Is there any way of filtering the events in a projection associated with a read model by the aggregateId?

In the tests carried out we always receive all registered events. Is it possible to apply filters in a previous stage?

We have 100,000 aggregateId and each id has associated 15,000 events. Unable to filter by aggregateId, our projections have to iterate over all events.

Solution

So you have 100.000 aggregates with 15.000 events each.

You can use ReadModel or ViewModel:

Read Model:

Read model can be seen as a read database for your app. So if you want to store some data about each aggregate, you should insert/update row or entry in some table for each aggregate, see Hacker News example read model code.
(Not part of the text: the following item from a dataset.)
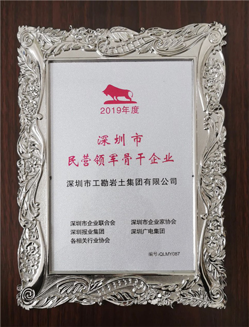 工勘巖土集團深耕巖土領(lǐng)域近30年,始終堅守專業(yè)主義,先后完成了一大批國家、省、市級重點項目,數(shù)十項工程獲國家級、部級等全國性獎項,數(shù)百項工程獲省、市級優(yōu)秀工程獎項。此次成功入選“2019年度深圳市民營領(lǐng)軍骨干企業(yè)”,再一次體現(xiàn)了社會各界對工勘品牌實力和科技創(chuàng)新的充分認可。
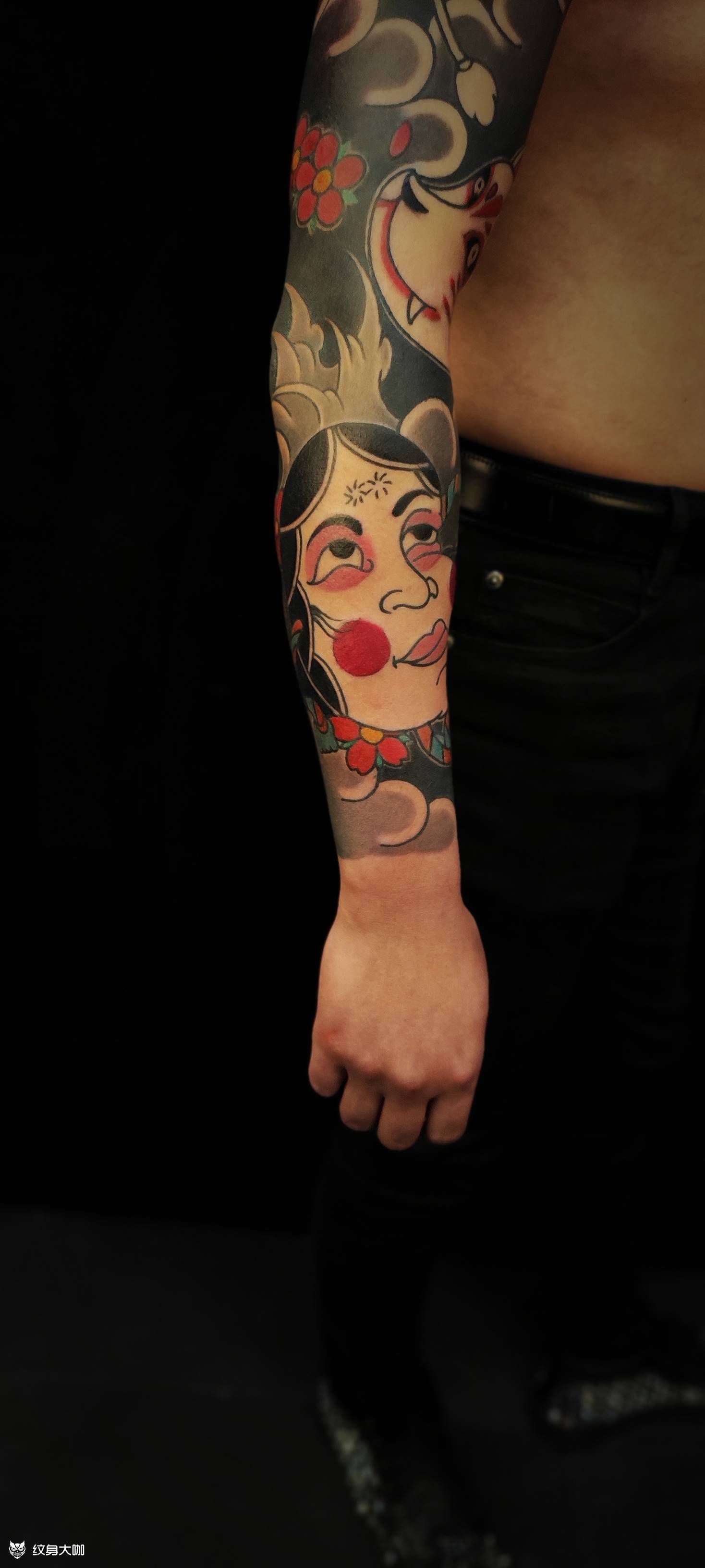 老传统花臂遮盖纹身图片_手臂老传统纹身图案

It is important to understand that resolve read models are built on demand - on the first query. If you have a lot of events, it may take some time.

Another thing to consider - a newly created resolve app is configured to use in-memory database for read models, so on each app start you will have it rebuilt.

If you have a lot of events, and don't want to wait to wait for read models to build each time you start the app, you have to configure a real database storage for your read models.

Configiuring adapters is not well documented, we'll fix this. Here is what you need to write in the relevant config file for mongoDB:

readModelAdapters: [
  {
    name: 'default',
    module: 'resolve-readmodel-mongo',
    options: {
      url: 'mongodb://127.0.0.1:27017/MyDatabaseName',
    }
  }
]

Since you have a database engine, you can use it for an event store too:

storageAdapter: {
  module: 'resolve-storage-mongo',
  options: {
    url: 'mongodb://127.0.0.1:27017/MyDatabaseName',
    collectionName: 'Events'
  }
}

ViewModel ViewModel is built on the fly during the query. It does not require a storage, but it reads all events for the given aggregateId.

reSolve view models are using snapshots. So if you have 15.000 events for a give aggregate, then on the first request all those events will be applied to calculate a vies state for the first time. After this, this state will be saved, and all subsequent requests will read a snapshot and all later events. By default snapshot is done per 100 events. So on the second query reSolve would read a snapshot for this view model, and apply not more than 100 events to it.

Again, keep in mind, that if you want snapshot storage to be persistent, you should configure a snapshot adapter:

snapshotAdapter: {
  module: 'resolve-snapshot-lite',
  options: {
    pathToFile: 'path/to/file',
    bucketSize: 100
  }
}

ViewModel has one more benefit - if you use resolve-redux middleware on the client, it will be kept up-to-date there, reactively applying events that app is receiving via websockets.